You could union the files, specify the overlap criterion for mapping, and then post-process the result to count true peaks. The ID field (fifth column) can be useful as an identifier. Using intervals alone is probably not enough, because of cases where peaks overlap.
For example, to union sorted BED files:
$ bedops -u exp1peaks1.bed exp1peaks2.bed ... exp1peaks10.bed > exp1peaks.bed
Then map the unioned set of peaks against each other:
$ bedmap --count --echo --echo-map-id-uniq --fraction-map 0.51 exp1peaks.bed | awk '($1>=6)' | cut -f2- > candidates.bed
- The
--count
operator returns the number of mapped peaks that overlap the reference peak.
- The
--echo
operator returns the reference peak.
- The
--echo-map-id-uniq
operator returns the unique IDs of mapped peaks that overlap the reference peak.
- The
--fraction-map 0.51
operator is the overlap criterion, which requires that more than half of a mapped peak must overlap the reference peak to be called an overlap.
The awk
and cut
statements at the end return candidate peaks, where there are six or more mapped peaks that met the bedmap
overlap criterion. The output is another sorted BED file.
To deal with this:
I saw someone say that if you have one big peak that overlaps several shorter ones, the count will be all off.

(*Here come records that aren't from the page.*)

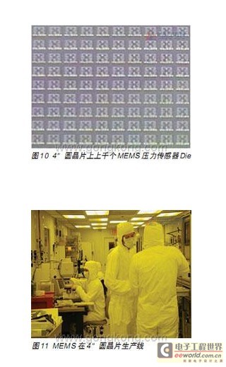 與傳統IC行業注重二維靜止的電路設計不同,MEMS以理論力學為基礎,結合電路知識設計三維動態產品。對于在微米尺度進行機械設計會更多地依靠經驗,設計開發工具(Ansys)也與傳統IC(如EDA)不同。MEMS加工除了使用大量傳統的IC工藝,還需要一些特殊工藝,如雙面刻蝕,雙面光刻等。MEMS比較傳統IC,工藝簡單,光刻步驟少,MEMS生產的一些非標準的特殊工藝,工藝參數需要按照產品的要求來進行調整。由于需要產品設計、工藝設計和生產三方面的密切配合,IDM的模式要優于Fabless+Foundry的模式。MEMS對封裝技術的要求很高。傳統半導體廠商的4〃生產線正面臨淘汰,即使用來生產LDO,其利潤也非常低,但是,如果生產MEMS,則可獲得較高的利潤。4〃線上的每一個圓晶片可生產合格的MEMS壓力傳感器Die5-6K個,每個出售后,可獲成本7-10倍的毛利(如圖10)。轉產MEMS對廠家的工藝要求改動不大,新增輔助設備有限,投資少、效益高。MEMS芯片與IC芯片整合封裝是集成電路技術發展的新趨勢,也是傳統IC廠商的新機遇。圖11是MEMS在4〃圓晶片生產線上。
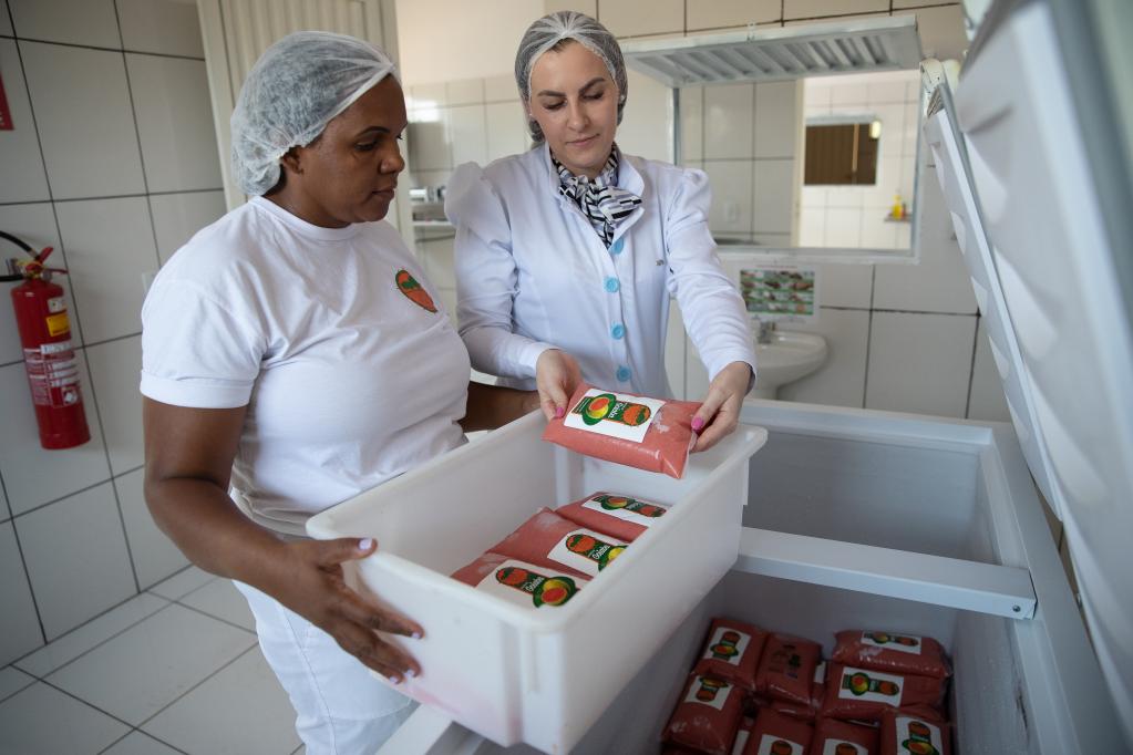 2022年10月4日,在巴西托坎廷斯州馬利亞迪尼亞,食品工程學(xué)家格拉謝拉·帕盧多(右)和工人一起工作。新華社記者 王天聰 攝
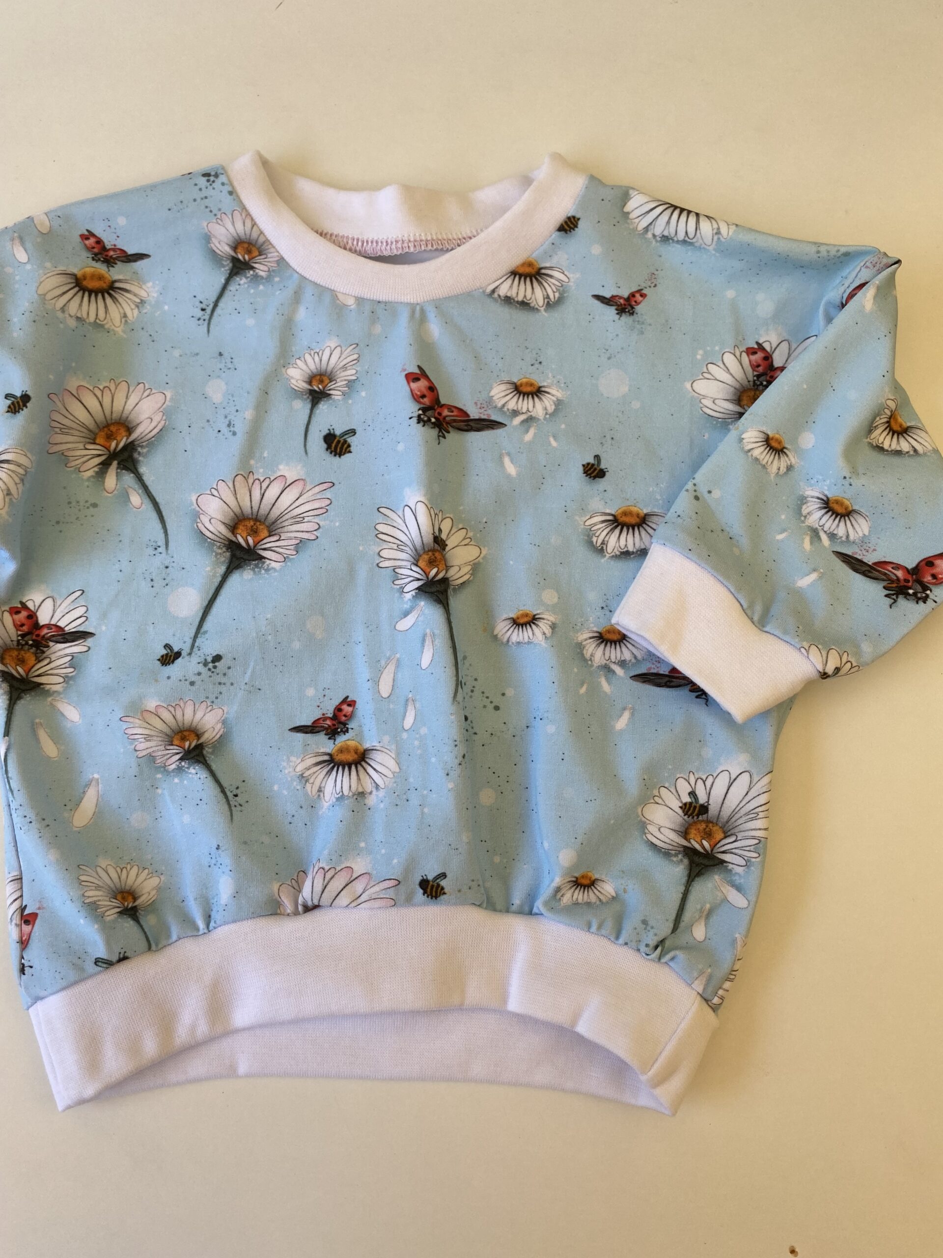 Oversize Kinderpullover „Gänseblümchen & Käfer“ – Größe 74
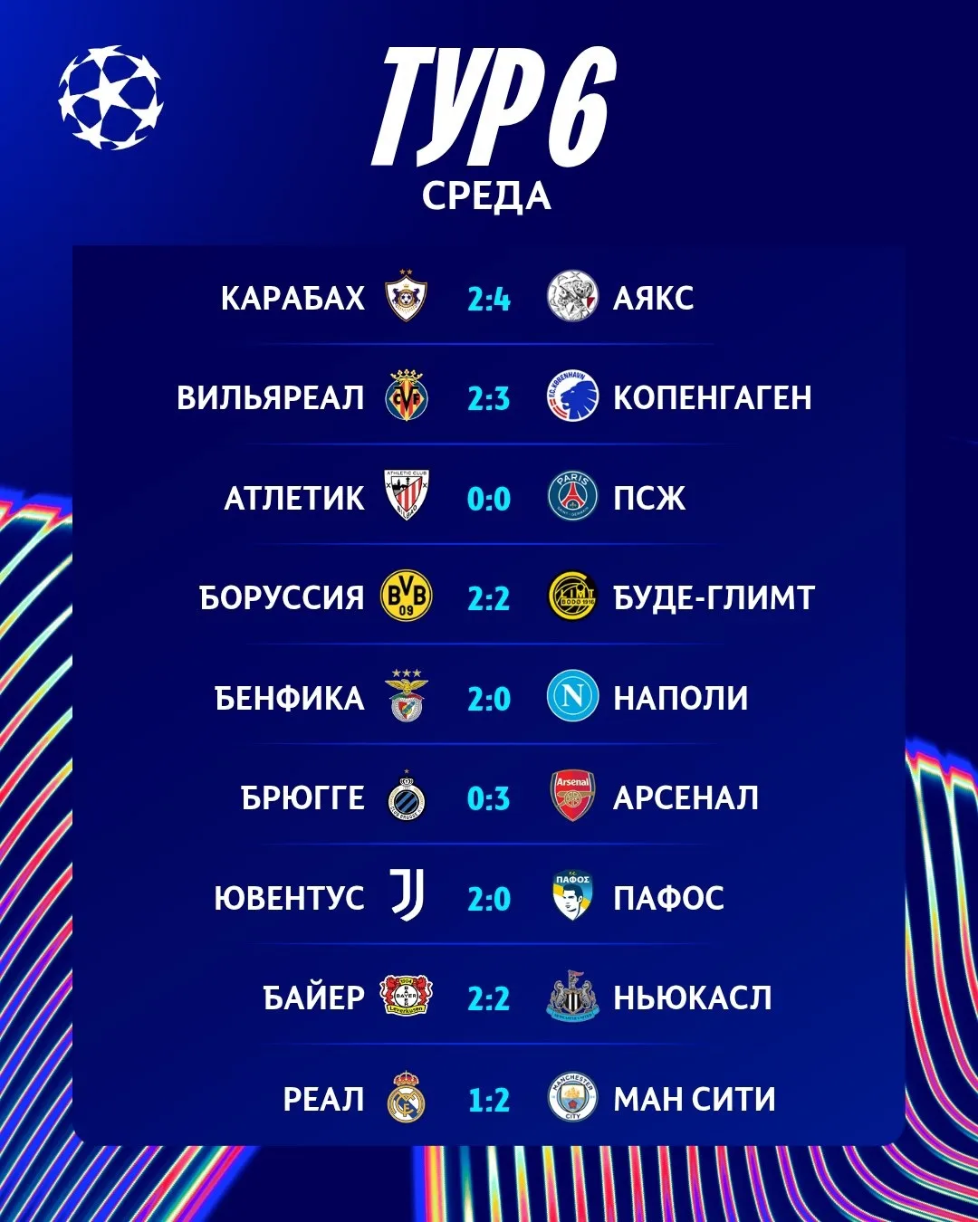 🏆 Цифры и факты первого игрового дня шестого тура общего этапа Лиги чемпионов:
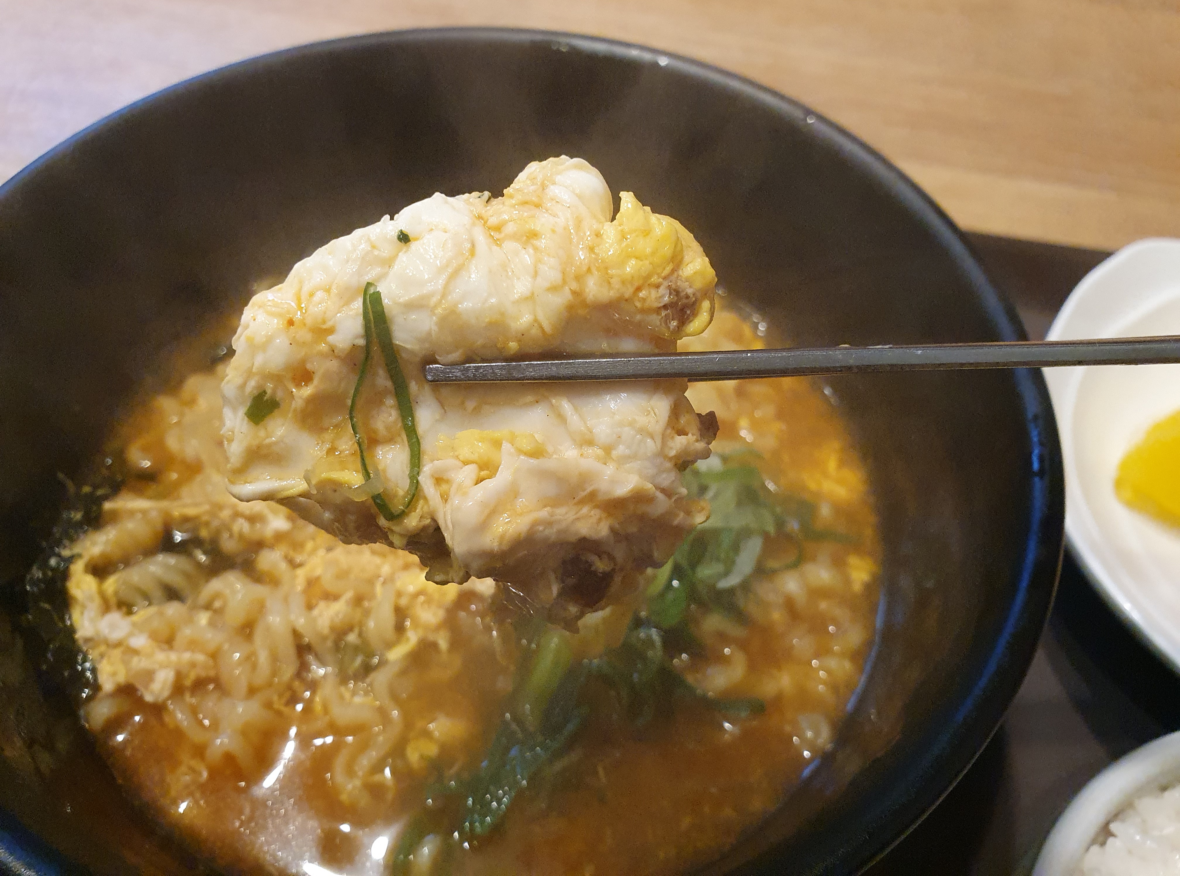 라면의 매콤함을 부드럽게 잡아줄 계란도 분명 1개 들어갔을 텐데 양이 많아보였어요
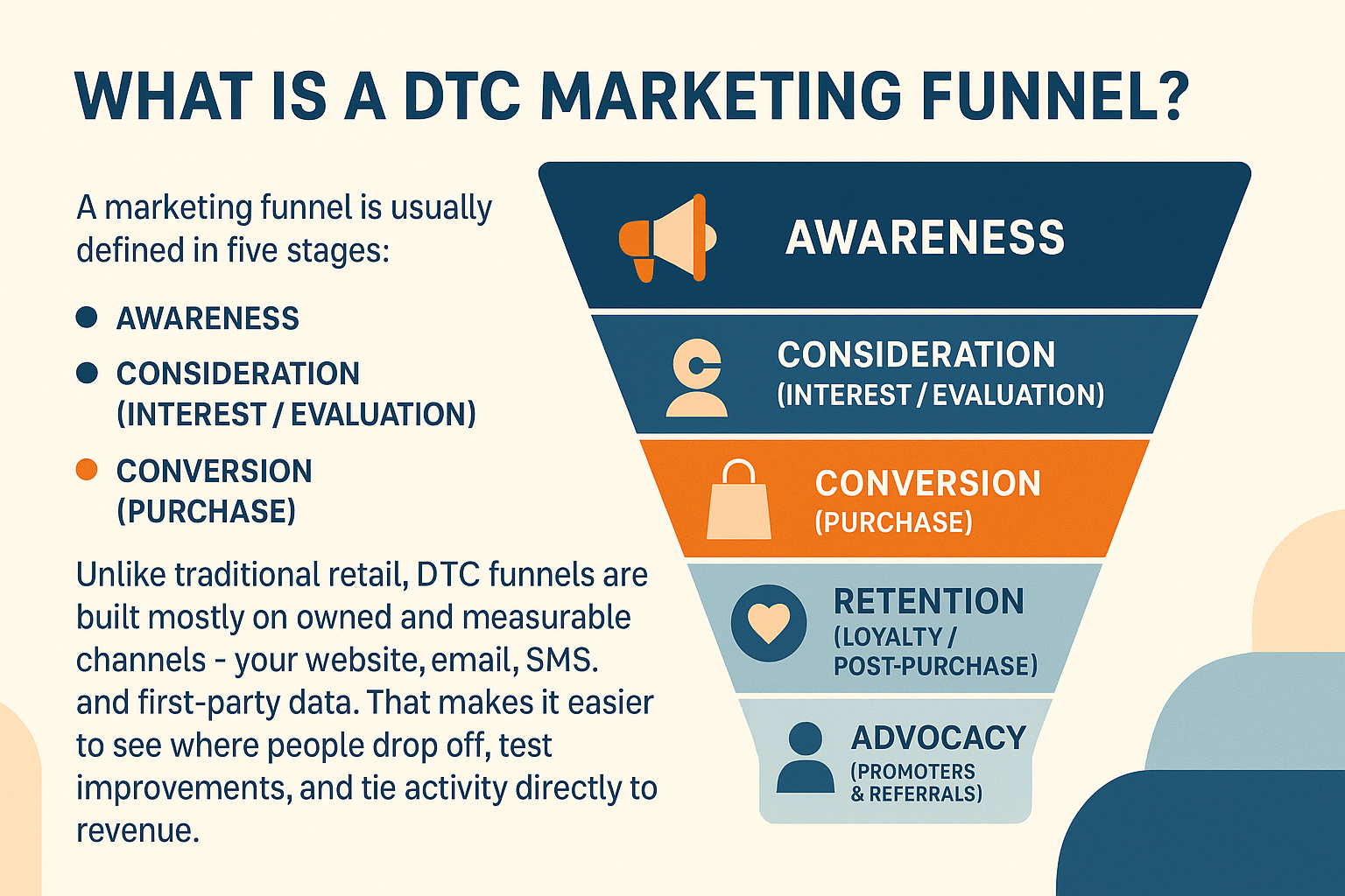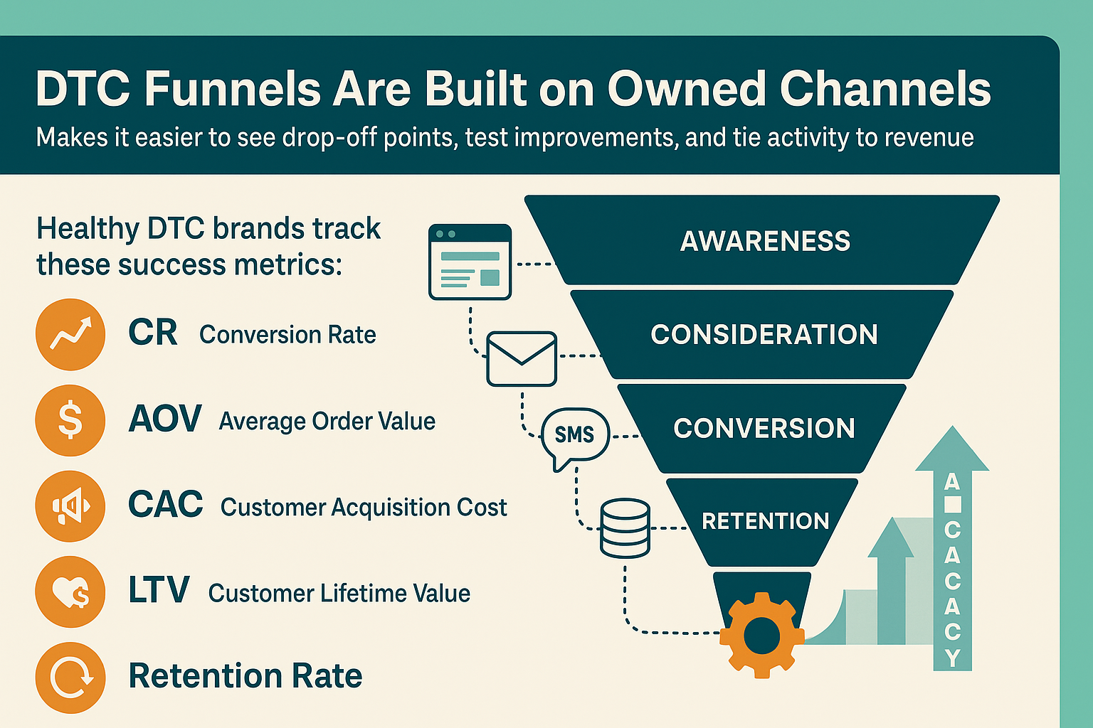 Unlike traditional retail, DTC funnels are built mostly on owned and measurable channels — your website, email, SMS, and first-party data. That makes it easier to see where people drop off, test improvements, and tie activity directly to revenue.

Once you have candidate peaks, you can use a Python script to look at the contents of the mapped peak IDs returned by --echo-map-id-uniq
.
Using peak IDs that follow a parseable pattern will help you count true overlaps among common peaks in candidates.bed
, filtering out those where you run into the above scenario.
The procedure could be redone on files for the second experiment. Then you can compare intervals across two experiments and do a final count.